**EXTRACTED ENTRIES**
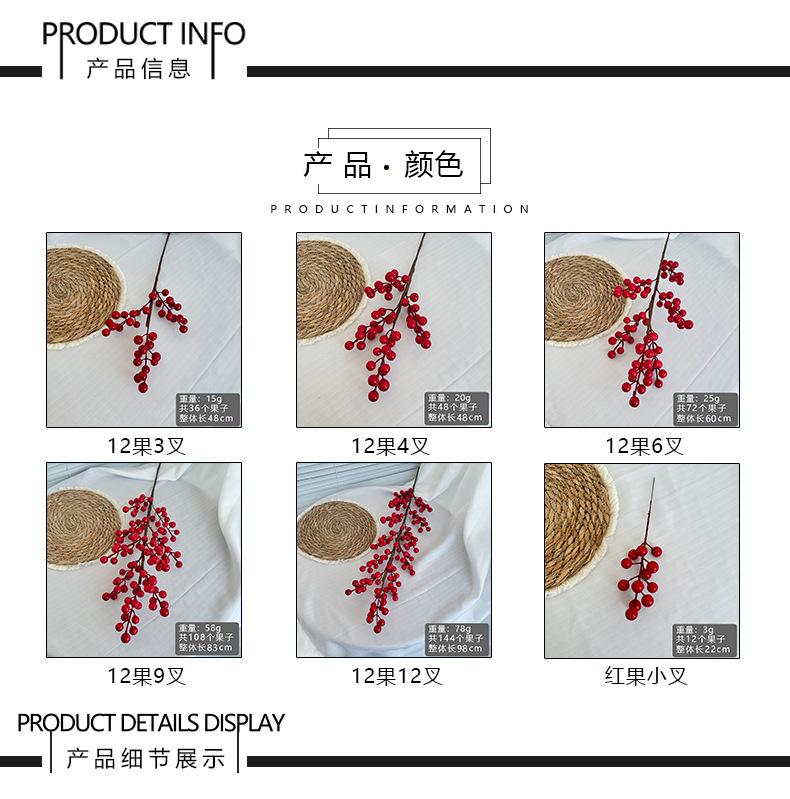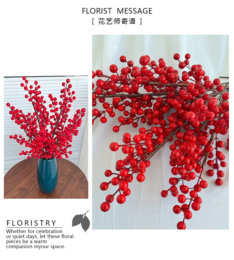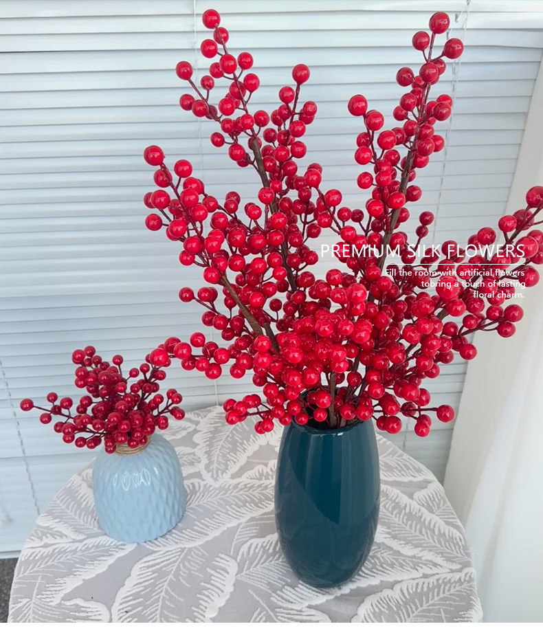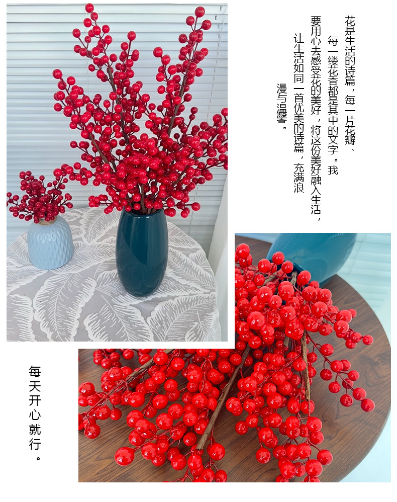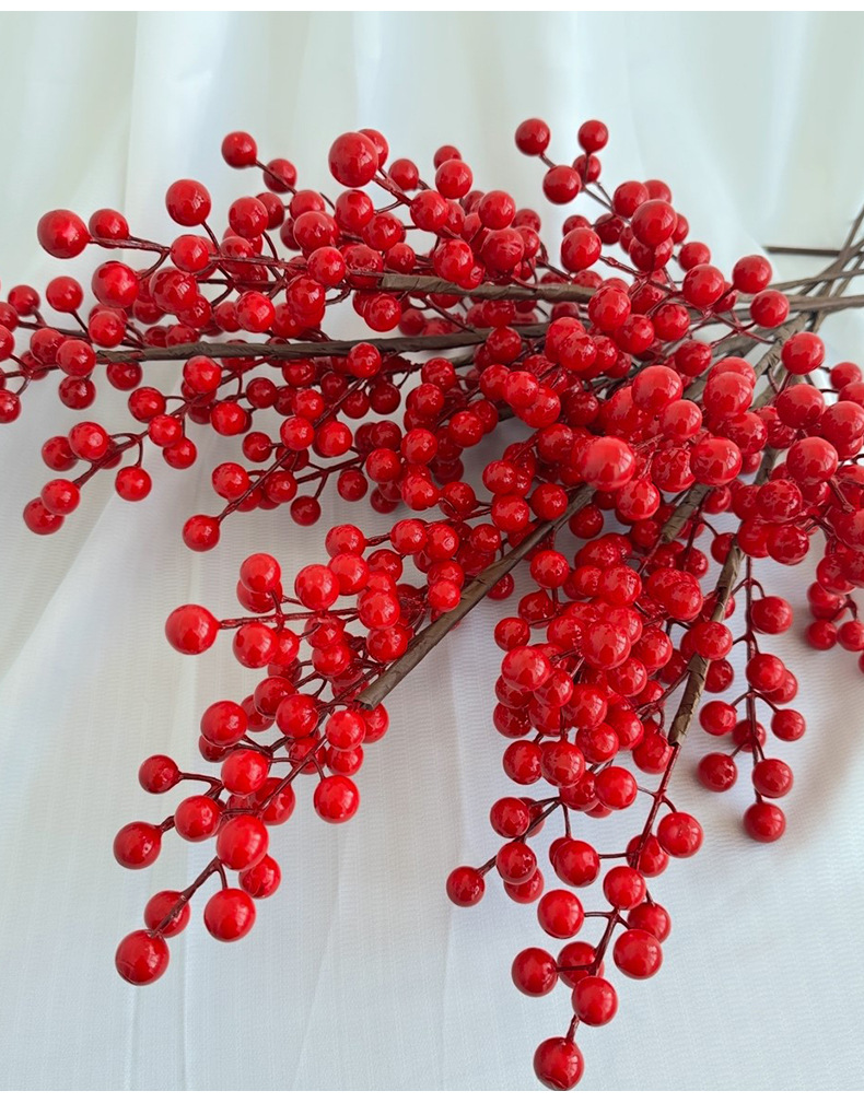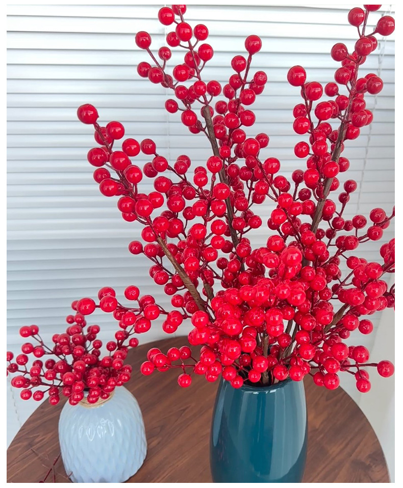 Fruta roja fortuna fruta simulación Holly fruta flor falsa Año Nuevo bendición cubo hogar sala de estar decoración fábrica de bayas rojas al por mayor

---

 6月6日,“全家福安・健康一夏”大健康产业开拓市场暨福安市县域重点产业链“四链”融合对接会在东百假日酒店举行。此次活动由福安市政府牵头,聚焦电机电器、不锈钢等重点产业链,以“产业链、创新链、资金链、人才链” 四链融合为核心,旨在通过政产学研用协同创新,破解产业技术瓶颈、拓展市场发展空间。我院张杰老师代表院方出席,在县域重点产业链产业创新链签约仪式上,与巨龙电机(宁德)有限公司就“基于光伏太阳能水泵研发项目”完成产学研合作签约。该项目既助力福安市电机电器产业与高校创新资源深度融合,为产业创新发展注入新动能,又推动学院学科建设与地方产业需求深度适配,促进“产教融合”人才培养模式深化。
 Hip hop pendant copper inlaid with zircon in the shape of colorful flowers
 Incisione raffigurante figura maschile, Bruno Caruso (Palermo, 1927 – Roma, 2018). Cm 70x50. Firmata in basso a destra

**YOUR INSTRUCTIONS**
In the entries above, find the line holding "Hip hop pendant" and the line holding "Incisione raffigurante figura"; print both of them and every line between, exactly, and nothing else.

**FINISHED TASK**
 Hip hop pendant copper inlaid with zircon in the shape of colorful flowers
 Incisione raffigurante figura maschile, Bruno Caruso (Palermo, 1927 – Roma, 2018). Cm 70x50. Firmata in basso a destra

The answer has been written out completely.